Но ведь их тоже нужно грамотно обучать, а кадров, прямо скажем, не хватает.
— Вот я и
говорю, что нужен целый комплекс мер. На Западе, да и в ближнем зарубежье есть
много великолепно обученных профессионалов, которые с удовольствием приедут и будут учить молодежь. И, поверьте, не за какие-то
сумасшедшие гонорары. С другой стороны, это может привлечь в Баку студентов из
других стран, что тоже будет невероятно полезно в плане конкуренции; можно
создать для них специальный фонд.
— Есть еще и
такая вещь, как востребованность того или иного вида
искусства обществом. И в филармонии, и в консерватории камерные концерты —
большая редкость. Да и кто придет слушать — ведь качество исполнения
чрезвычайно низкое. А ведь когда-то у нас был потрясающий государственный
квартет. Уровень его был настолько высок, что в 1957 году музыканты завоевали
первую премию на всесоюзном конкурсе. И невероятно обидно, что вместе с
талантливыми музыкантами ушел в небытие и сам вид музицирования,
то есть традиция как таковая не была создана.
— Уверен, что
если в страну хотя бы раз в месяц будут приезжать
квартеты высокого уровня (а на Западе таковых — множество), положение может
измениться. Предположим, приезжает квартет, выступает в консерватории, потом в
других городах — тех же Гяндже, Лянкяране,
Нахчыване… Затем дает
мастер-класс… Много чего можно сделать. Конечно, нужны большие вложения,
частная инициатива, специальный фонд… Все это очень
нелегко, и не в одних деньгах дело. Но могу вас обрадовать: в отношении
камерных концертов есть кое-какие подвижки.
— И какие же?
— Дело в том,
что существует такой действующий по всему миру проект, предусматривающий
превращение старого города в самоокупаемый культурный центр. По этому поводу в
Баку приезжали профессионалы, которые разработали целый план. И один из его
пунктов состоит в том, чтобы в Старом городе (Крепости) регулярно давались
концерты камерной музыки.
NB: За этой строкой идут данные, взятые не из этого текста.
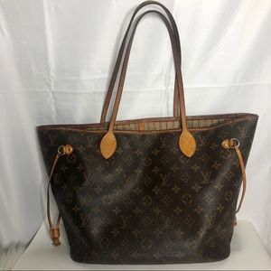 100% Authentic classic LV Monogram Neverfull MM. Has been very loved. Date code is MB3150. Made in Paris. Fits a ton- great for travel/work. Over all has vintage wear. Patina handles and trim has darkened. Trim has wear, inside is not pristine. Pocket is ripping. This is a preloved bag. Corner wear. Side straps have been replaced.
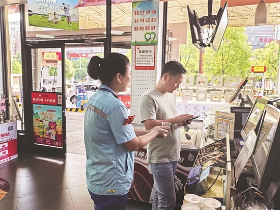 郴州西河加油站员工向客户提供周边旅游信息。范红艳 摄
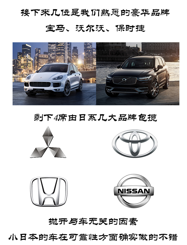 3.质量口碑位于前列的日系占多数
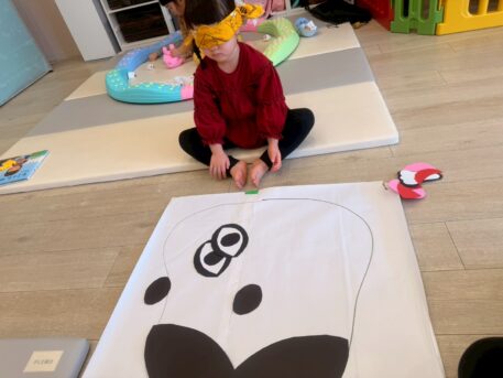 目隠しをしてできた思いがけない顔に子どもたちも大笑い😂
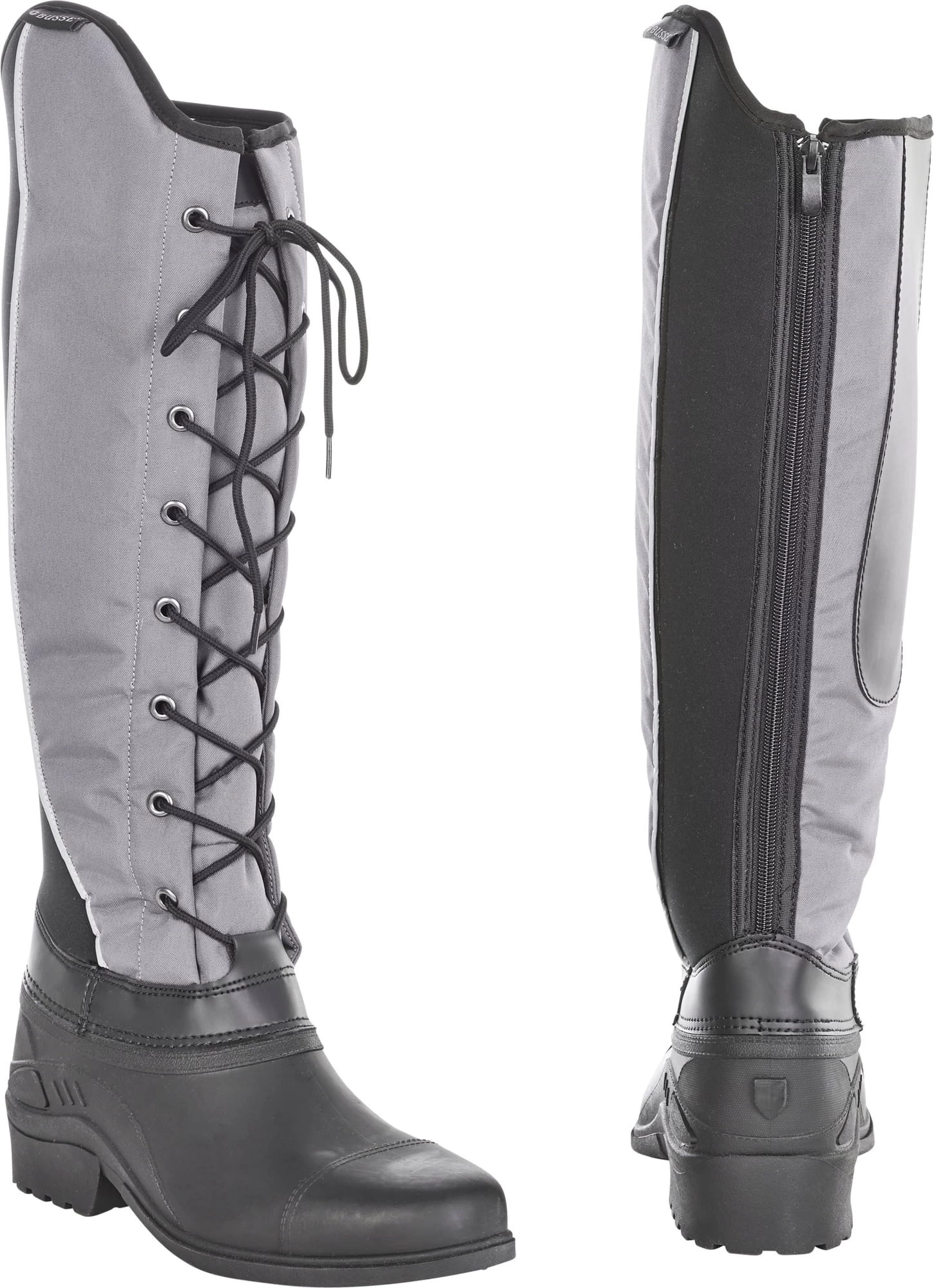 Der warm gefütterte Thermostiefel EDMONTON ist ein Must-Have für kalte Wintertage. Das strapazierfähige Oxford-Polyester an der Außenseite wird mit einem leicht elastischem, synthetischem Kautschuk kombiniert, um eine opitmale Wadenanpassung zu erzielen. Zusätzlich unterstützt eine Poloschnürung die individuelle Passform. Der isolierte Schaft verfügt außerdem über ein warmes, angenehmes Fleece-Lining. Auch das wasserdichte TPR-Fußteil in Reitstiefeloptik ist mit warmem Webpelz gefüttert, damit einer hervorragenden Wärmeisolierung nichts mehr im Wege steht.
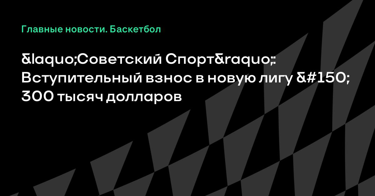«Советский Спорт»: Вступительный взнос в новую лигу 300 тысяч долларов
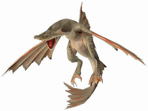 砂漠に群れて生息する飛竜。一見、ガノトトスと似た進化形態をしているが、彼らは砂中に潜り、砂漠を泳ぐ。滅多に地上には姿を出さないが、彼らの聴覚に衝撃をあたえることができれば…。
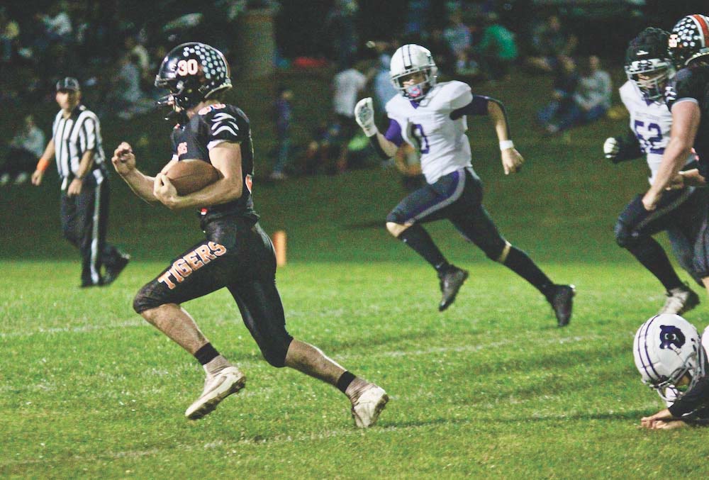 MUHS FULLBACK AVERY Carl leaves the Brattleboro defense in his wake as he scores the third Tiger touchdown in the team’s one-sided, 52-0, win on Friday night.
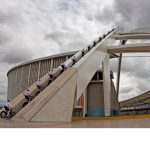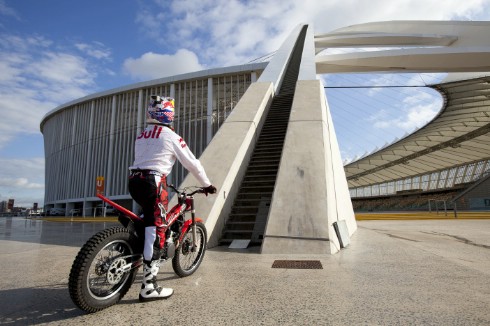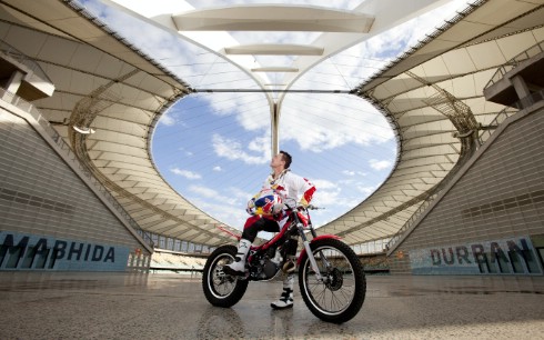 De 10 ori câștigător al Campionatul de Motociclism din Africa de Sud, Brian Capper, a traversat arcul stadionului Moses Mabhida din Durban, pe motorul său, sfidând legile gravitației.
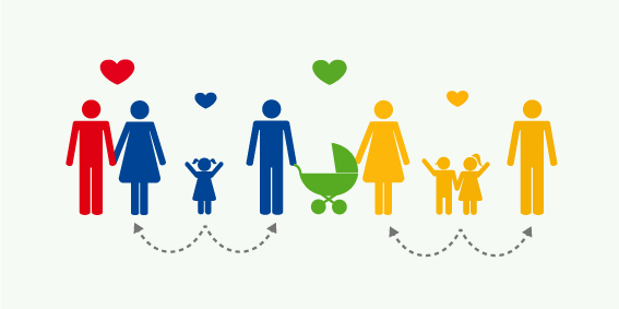 Bild: Familienmitglieder aufgereiht und mit Pfeilen verbunden
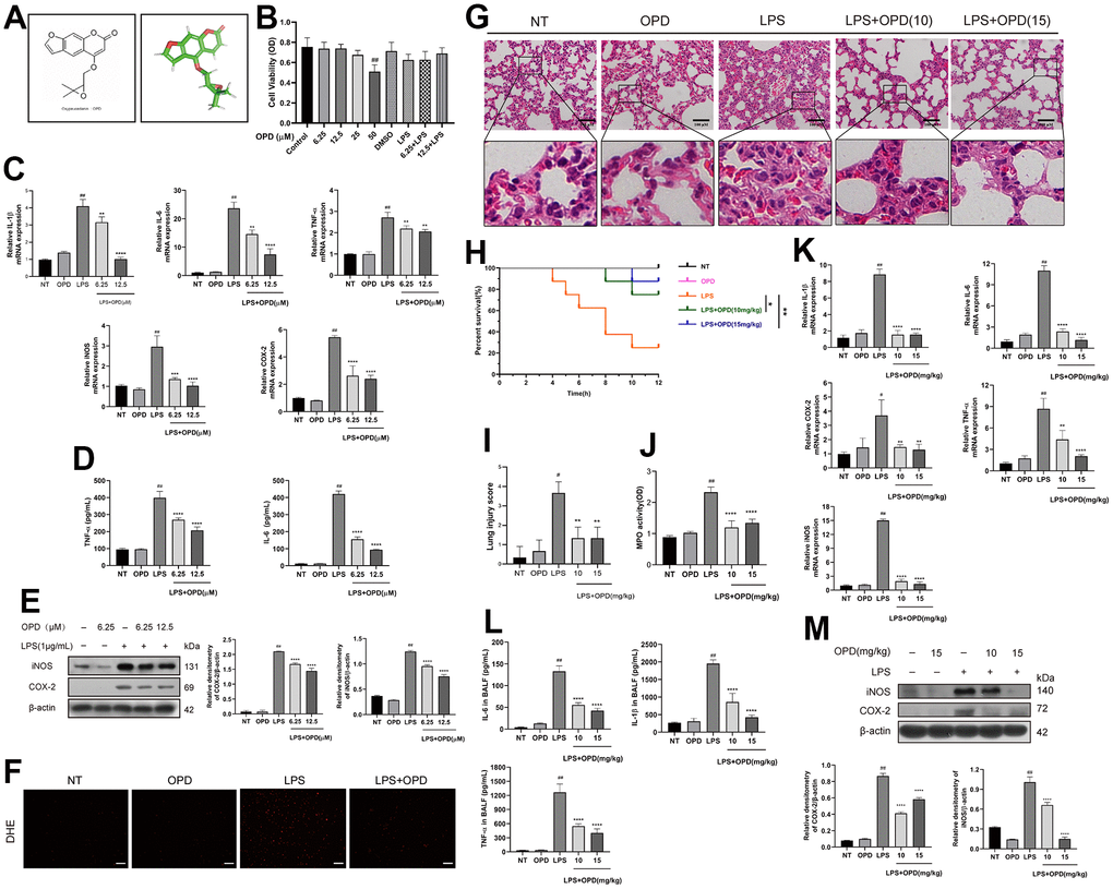 Oxypeucedanin was purchased from Shanghai Yuanye Biological Co., Ltd. (China), was HPLC ≥ 98%, and was dissolved in sterile DMSO solvent. The mice were administered doses by intraperitoneal injection at 10 and 15 mg/kg concentrations. In the pretreatment groups, mice received a single dose of OPD 1 h before LPS was administered. The LPS and NT groups were treated with the same dosage of solvent. OPD was used to stimulate RAW264.7 cells in vitro at concentrations of 6.25 and 12.5 μM.
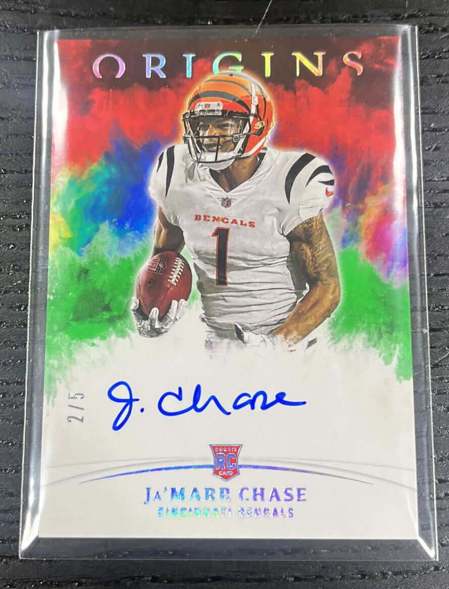 2021 Panini Origins Jamarr Chase Auto Bengals Rookie RC /5 Green on Card
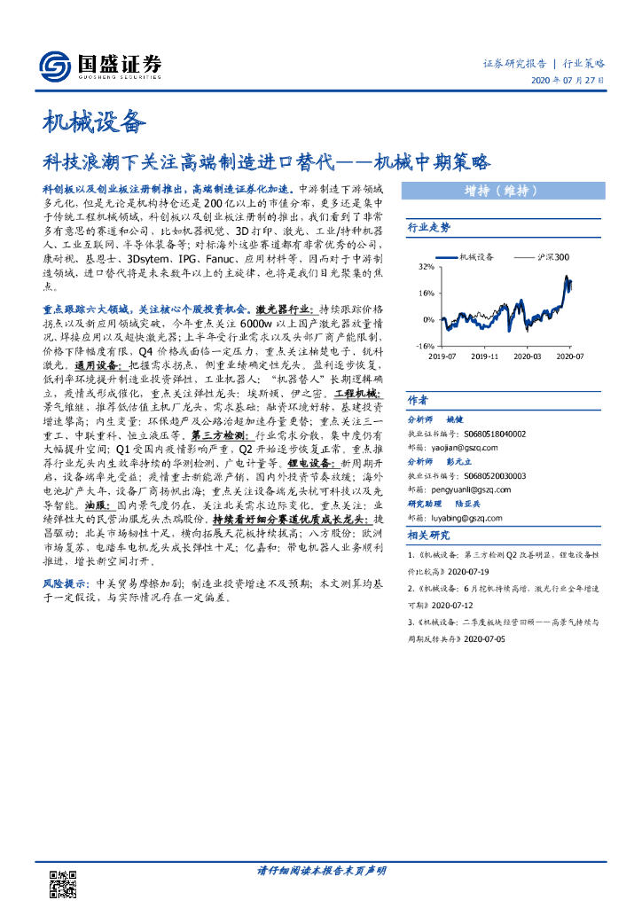 国盛证券:机械中期策略:科技浪潮下关注高端制造进口替代.pdf
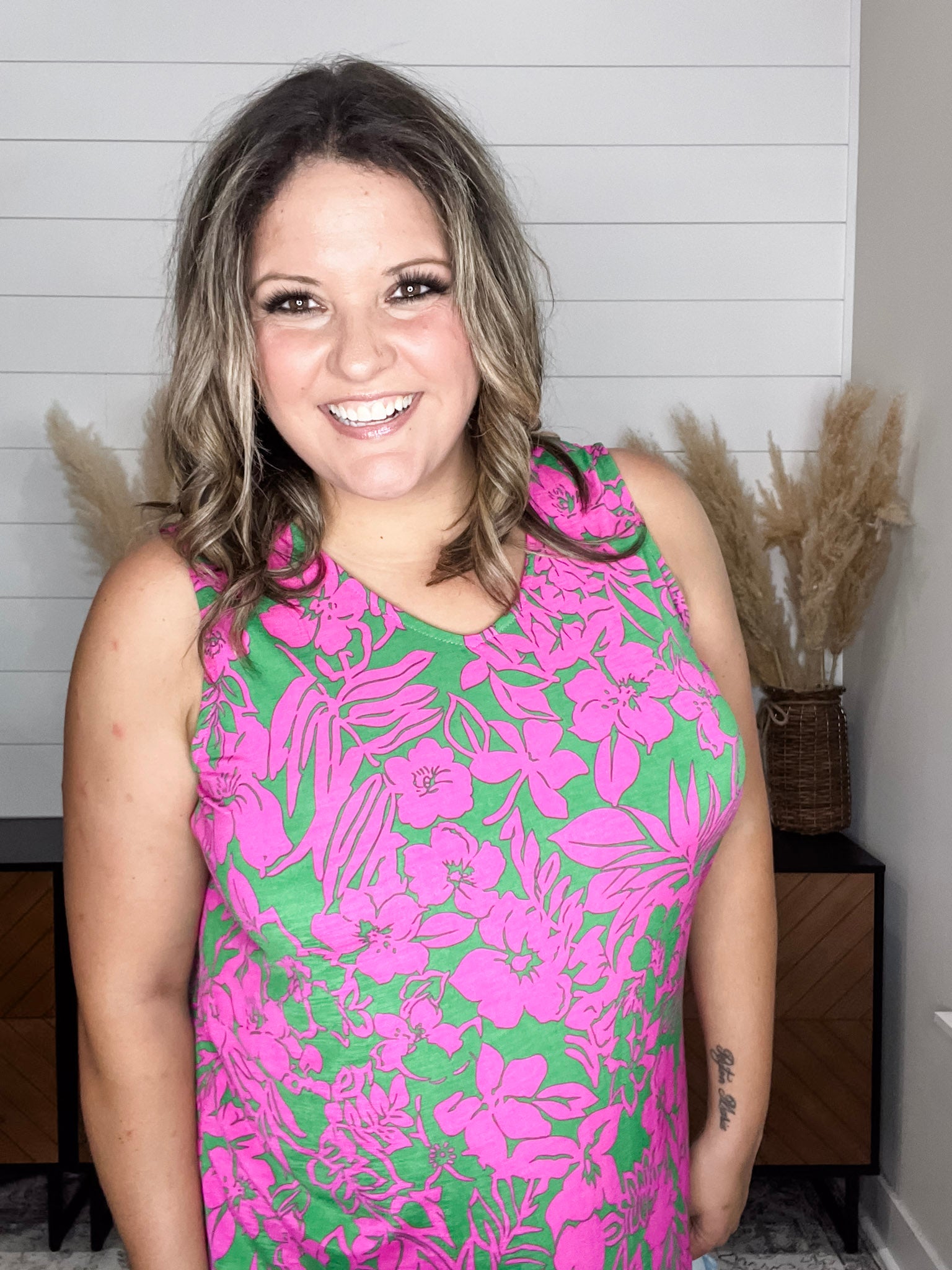 The "Harvard" U Neck Tank Top features a flattering U neck design and is crafted from a slinky, stretchy fabric. With a lovely pink background and floral pattern, this top is perfect for showcasing your style. Its design is especially flattering for larger busts - just remember to size down one for a fitted look.
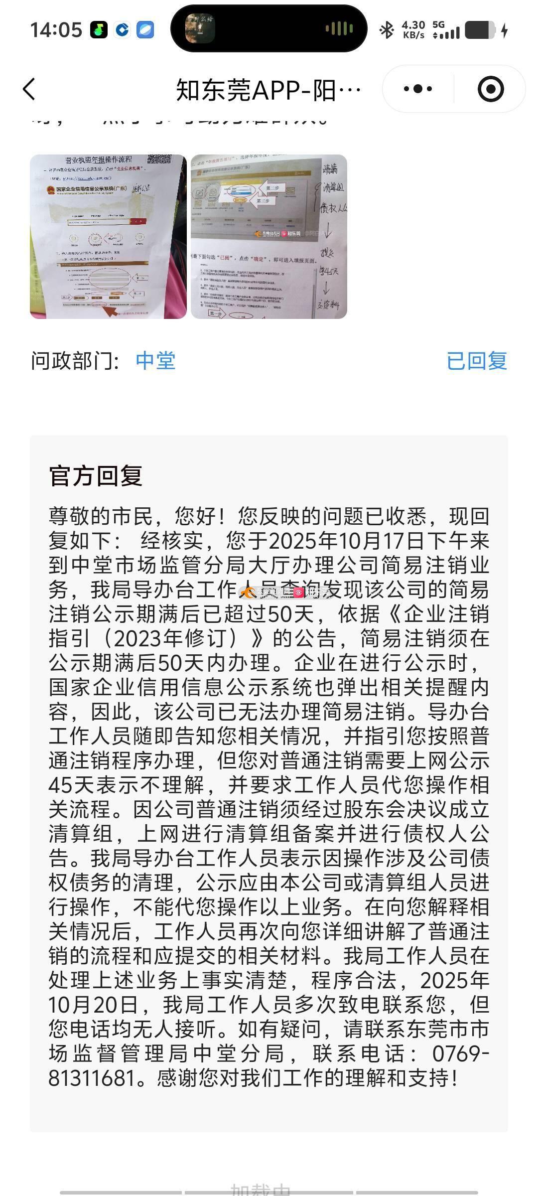 中堂市场监督管理官方果然很官方!!!上一个投诉官方回复,第一,我没有接到你们的任何电话,查过手机也没有任何未接电话,拦截名单也没有!第二,上一个投诉回复我说是简易注销需要在50天内办理,9.17号下午我到中市场监督管理局大堂给我一份企业注销登记申请书,让我做公告,还写了一个小纸条(简易注销公告)满30天再去盖章。如果现在超过50天,那么9.17号去的时候没有超过50天为什么还要我去做简易注销公告???回答我。
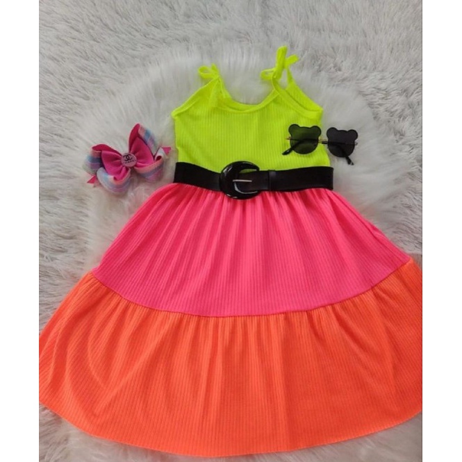 Vestido em Malha Canelada 03 Marias - Cores Neon Bem levinho e ótimo para o verão. Temos nos tamanhos do 02 ao 16 - MEDIDA E FORMA PADRÃO Aviso: Todos os vestidos tem 3 cores, a sequencia das cores pode variar com as da foto, OU SEJA, SÃO ALEATÓRIAS E OS TONS AS VEZES VARIAM DE ACORDO COM LOTE DO TECIDO QUE VEM DA CONFECÇÃO! ATENÇÃO: O ANÚNCIO É SOMENTE O VESTIDO!!! BOLSAS, LAÇOS E OUTROS ACESSÓRIOS NÃO ESTÃO INCLUÍDOS E SÓ ESTÃO NAS FOTOS COMO DEMONSTRAÇÃO DE COMPOSIÇÃO!!! -------------------------------- ATENÇÃO!!! AVISO A TODOS OS COMPRADORES!!! Ao receber o seu pedido, não esqueça de fazer o vídeo da abertura do pacote contando as peças ou produtos, sem edição ou corte. Não serão aceitas reclamações sem vídeo!!!
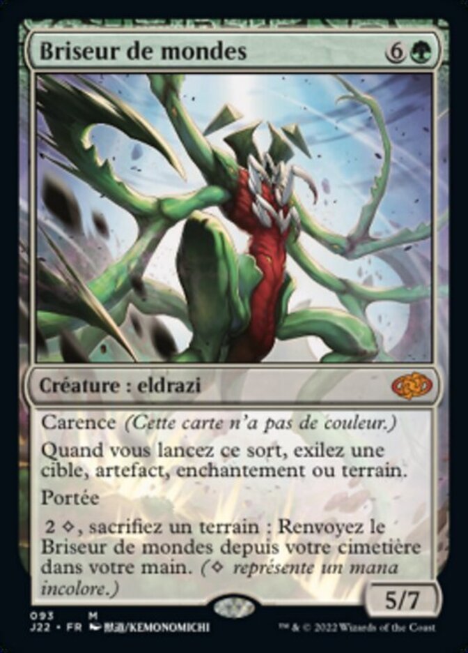 | Rules | Devoid (This card has no color.) When you cast this spell, exile target artifact, enchantment, or land. Reach , Sacrifice a land: Return World Breaker from your graveyard to your hand. ( represents colorless mana.) |

Первый концерт должен был состояться с участием Башмета и Третьякова, но произошла какая-то неувязка с
датой, и все это решили перенести. Во всяком случае, есть большая вероятность,
что подобные регулярные концерты станут реальностью.
— Дай-то Бог! А
то, к сожалению, в нашем обществе, когда речь идет о мероприятии, не
затрагивающем конкретно чьи-то личные интересы по принципу междусобойчика: «ты
— мне, я — тебе», все спускается на тормозах.
— Ну я бы все-таки не стал сгущать краски. Все меняется, и у
вашей страны многое еще впереди. Думаю, что народ, воспитанный на таком высоком
искусстве, как мугам, может добиться больших успехов
и в сфере европейской музыки.
Азербайджанские известия.- 2011. -23 февраля. – С. 1, 3.